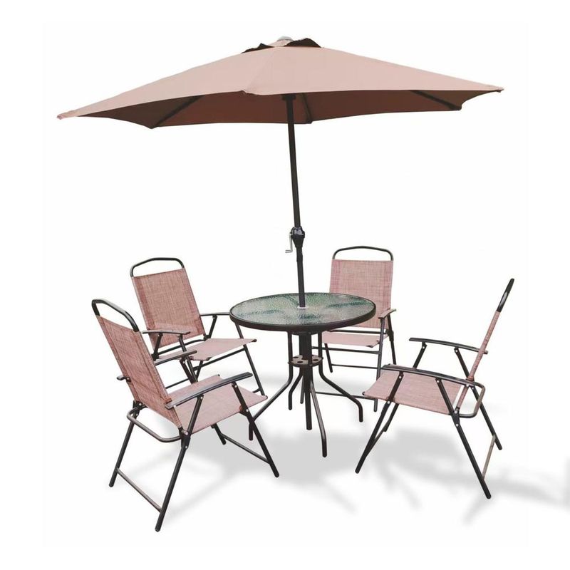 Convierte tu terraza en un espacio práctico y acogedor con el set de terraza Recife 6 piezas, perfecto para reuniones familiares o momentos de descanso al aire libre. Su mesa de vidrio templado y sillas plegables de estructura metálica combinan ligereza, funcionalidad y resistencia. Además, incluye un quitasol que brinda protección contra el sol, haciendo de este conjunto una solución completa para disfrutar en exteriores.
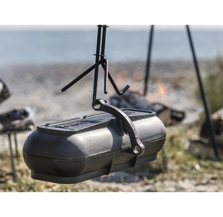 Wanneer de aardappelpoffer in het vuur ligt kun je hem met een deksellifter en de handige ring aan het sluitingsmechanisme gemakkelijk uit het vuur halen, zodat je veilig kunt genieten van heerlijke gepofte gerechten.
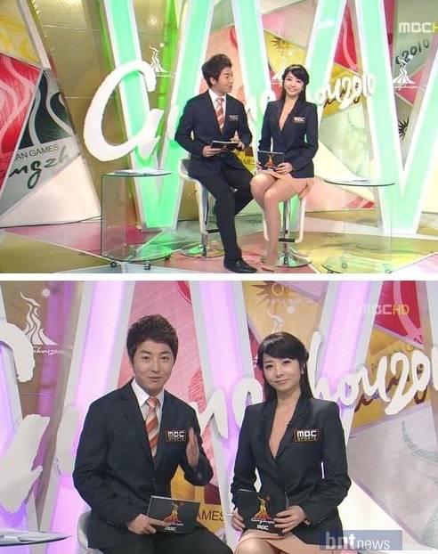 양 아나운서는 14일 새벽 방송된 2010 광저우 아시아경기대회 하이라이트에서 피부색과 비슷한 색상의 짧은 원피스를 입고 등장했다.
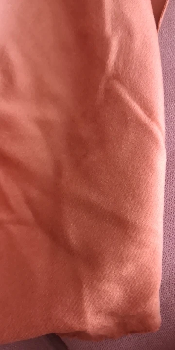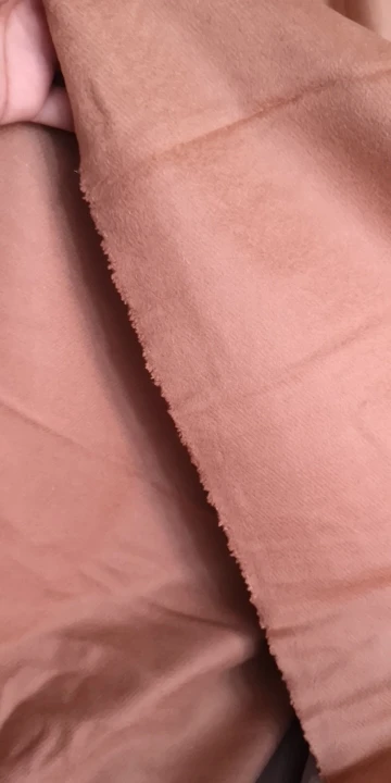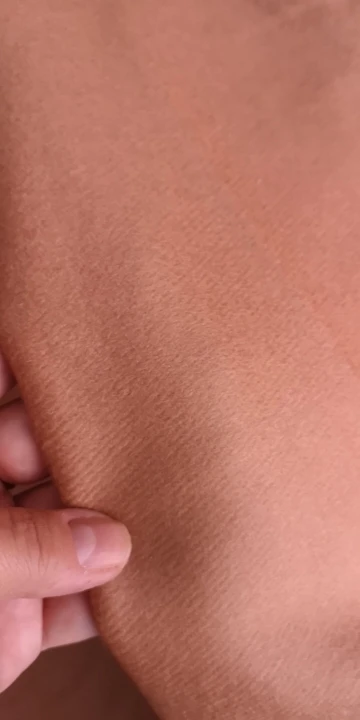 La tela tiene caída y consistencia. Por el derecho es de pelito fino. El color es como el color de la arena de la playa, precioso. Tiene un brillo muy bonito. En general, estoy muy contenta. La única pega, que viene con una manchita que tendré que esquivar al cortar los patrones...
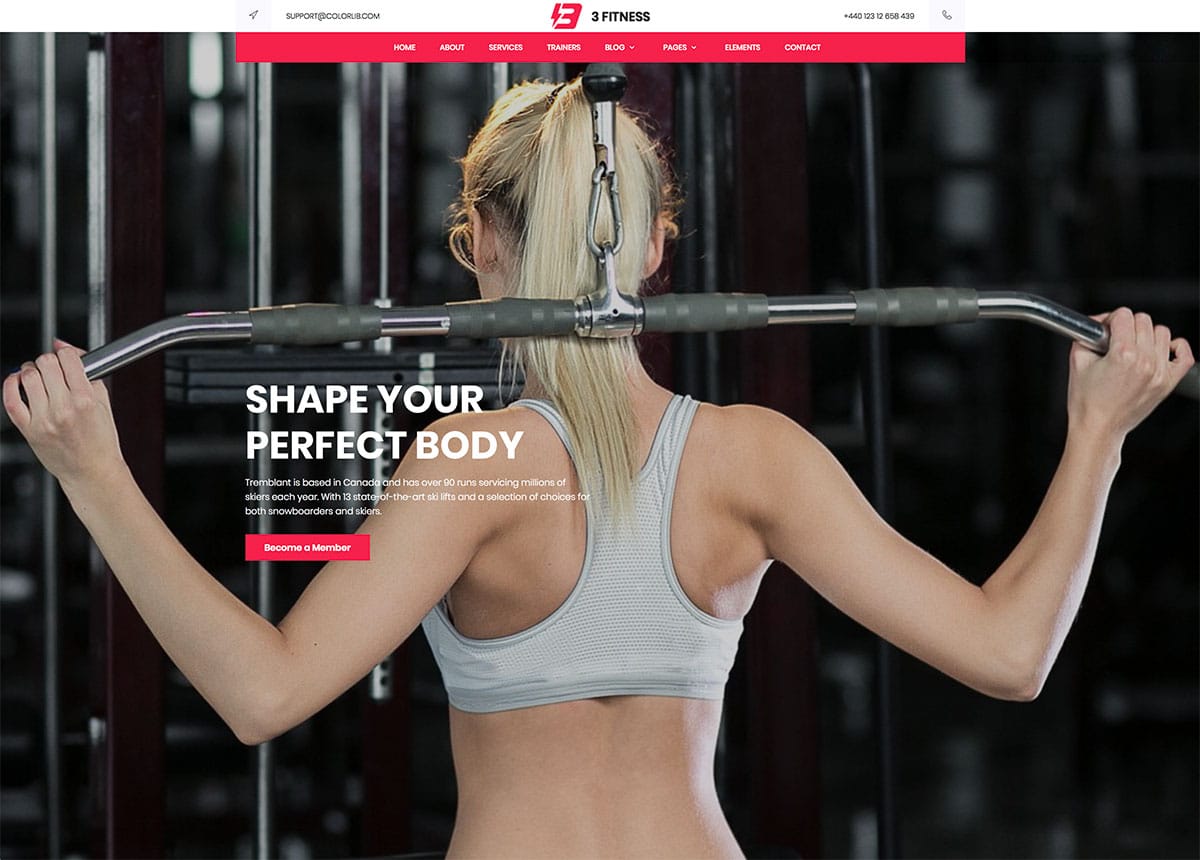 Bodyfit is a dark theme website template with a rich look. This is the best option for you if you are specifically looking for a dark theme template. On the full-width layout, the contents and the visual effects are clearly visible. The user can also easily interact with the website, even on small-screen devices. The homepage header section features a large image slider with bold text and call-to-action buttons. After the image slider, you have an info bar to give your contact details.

══════════

Once the line with "Wanneer de aardappelpoffer" is found in the data above, reproduce it and each line after it exactly, through the line with "La tela tiene". Omit the pictures.

 Wanneer de aardappelpoffer in het vuur ligt kun je hem met een deksellifter en de handige ring aan het sluitingsmechanisme gemakkelijk uit het vuur halen, zodat je veilig kunt genieten van heerlijke gepofte gerechten.
 양 아나운서는 14일 새벽 방송된 2010 광저우 아시아경기대회 하이라이트에서 피부색과 비슷한 색상의 짧은 원피스를 입고 등장했다.
 La tela tiene caída y consistencia. Por el derecho es de pelito fino. El color es como el color de la arena de la playa, precioso. Tiene un brillo muy bonito. En general, estoy muy contenta. La única pega, que viene con una manchita que tendré que esquivar al cortar los patrones...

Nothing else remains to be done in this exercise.